A competência envolvendo os litígios instaurados entre atletas profissionais de futebol e os clubes empregadores há muito causam discussões e divergências de posicionamento em nossos Tribunais.

Antes do advento da Constituição Federal de 1988, existia a discussão acerca da competência da Justiça do Trabalho para julgar as demandas decorrentes dos contratos laborais entre atletas e clubes.

Isso ocorria por conta do que dispunha o art. 29 da Lei n. 6.354/19766 - conhecida como a Lei do Passe - que determinava que somente depois de esgotadas todas as instâncias da Justiça Desportiva o litígio decorrente da relação laboral entre clubes e atletas poderia ser submetido à apreciação da Justiça do Trabalho.

Nossa Carta Magna de 1988, em seu art. 217, § 1º7 derrogou o art. 29 ao determinar e delimitar a competência da Justiça Desportiva como sendo a de apreciar ações relativas à disciplina e às competições desportivas. Posteriormente, em março de 2011, a Lei n. 12.395/20118 revogou expressamente a Lei do Passe.

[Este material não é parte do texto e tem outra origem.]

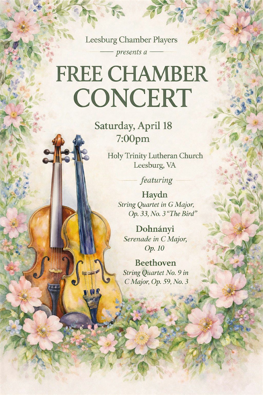Leesburg Chamber Players present the 4th concert of our 2026 season: Haydn, Dohnanyi and Beethoven. Beauty, excitement and informality.
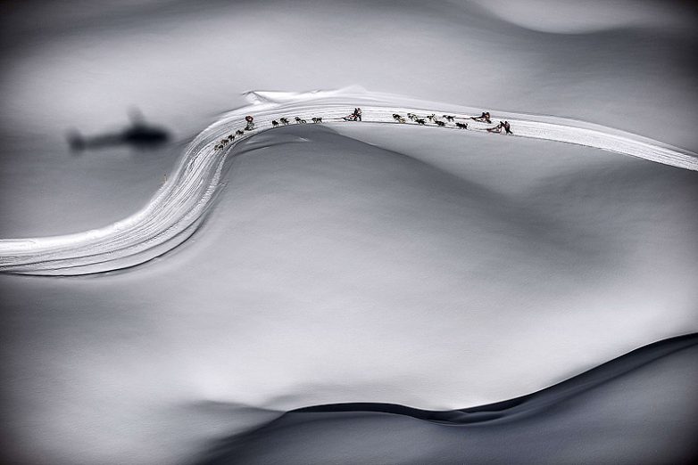 18 января 2013 года. Гонка на собачьих упряжках, вид сверху, Межев, Франция. (Jeff Pachoud–Agence France-Press/Getty Images)
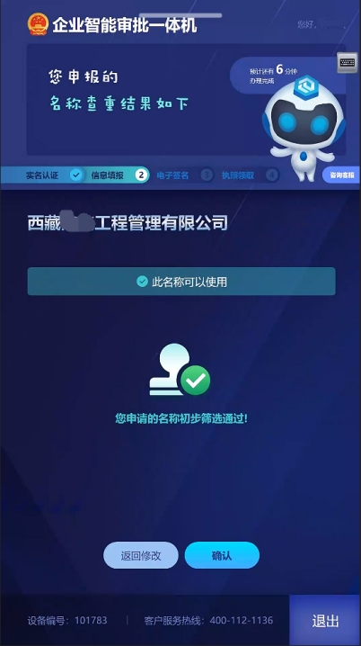 5.點擊下一步,根據(jù)企業(yè)名稱查重,根據(jù)查重結(jié)果進入下一步。如圖10所示:
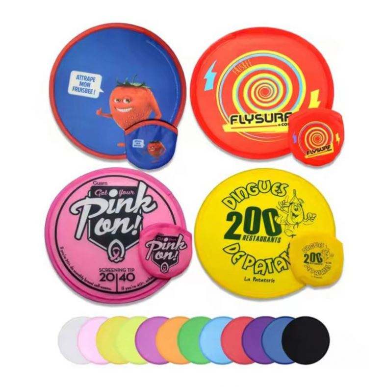 Éventail rond personnalisé imprimé en couleur, pliable et souple en nylon, avec pochette et logo
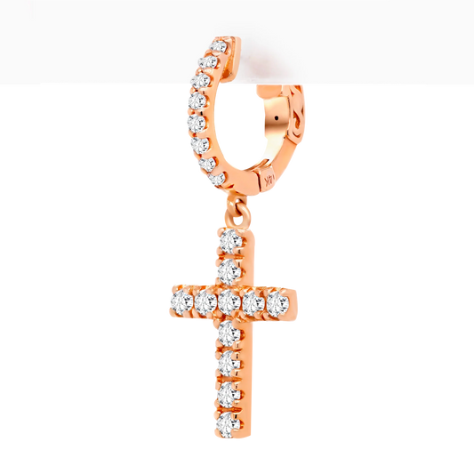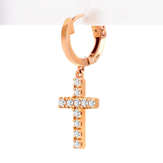 14k Gold Cross Charm Hoop Earrings with Lab-Grown Diamonds

Atualmente, quando os assuntos da competência da Justiça do Trabalho nas relações laborais entre clubes e atletas profissionais de futebol parecia estar completamente superado, começaram a surgir decisões conflitantes sob o ponto de vista da competência territorial. No intuito de definir a competência ratione loci, devido principalmente à falta de legislação específica sobre o tema, alguns operadores do direito têm entendido ser crível equiparar atletas aos profissionais de outras categorias, tais como os artistas circenses e os vendedores ou representantes comerciais, por exemplo.

Neste aspecto, nos socorremos da legislação que determina a competência territorial na Justiça do Trabalho, qual seja, o art. 651 da CLT, in verbis:

Art. 651. A competência das Juntas de Conciliação e Julgamento é determinada pela localidade onde o empregado, reclamante ou reclamado, prestar serviços ao empregador, ainda que tenha sido contratado noutro local ou no estrangeiro.

§ 1º Quando for parte de dissídio agente ou viajante comercial, a competência será da Junta da localidade em que a empresa tenha agência ou filial e a esta o empregado esteja subordinado e, na falta, será competente a Junta da localização em que o empregado tenha domicílio ou a localidade mais próxima.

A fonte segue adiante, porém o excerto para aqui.